It was a signalman's duty to check each train that passed their signal box, looking for the red tail lamp exhibited on the trailing vehicle, the sighting of which confirmed that the train was still complete, and thus the section was clear.

Each train movement was logged, by hand, in a Train Register Book, and it was normal practice to provide a special desk to support this sizeable book. As well as train movements, every communication between signalmen and adjacent signal boxes via bell codes (when accepting trains or dealing with a token) was logged.

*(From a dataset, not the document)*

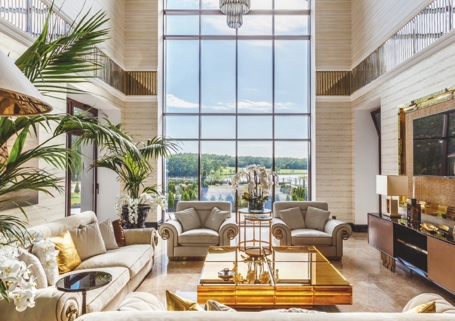 Дизайнер Ксения Ступко оформила интерьер загородной резиденции под Краснодаром в роскошно–торжественной стилистике, вдохновлённой эпохой «Великого Гэтсби»

Technological advances including mechanical fixed signals in the 1840s, the electric telegraph and block working in the 1850s, and proper mechanical interlocking from 1856, allowed safer, more expeditious train working, and more complicated track layouts to be controlled single-handedly. The advent of such technological advances gradually led to the provision of an enclosed workspace known as a signal box, signal cabin or interlocking tower.

== Duties today ==
The principles of British-style railway signalling have changed little since the Victorian era and early 20th century. Modern technology has generally reduced the labour required per train movement. In many cases, a switch, button or computer command is used to alter the lie of points and control signals. Although many classic mechanical signal boxes remain in use, these are gradually being replaced by modern power signalling systems on most railways. The heartlands of British-style railway signalling could be said to be the United Kingdom, New South Wales, Victoria, Queensland, India and South Africa.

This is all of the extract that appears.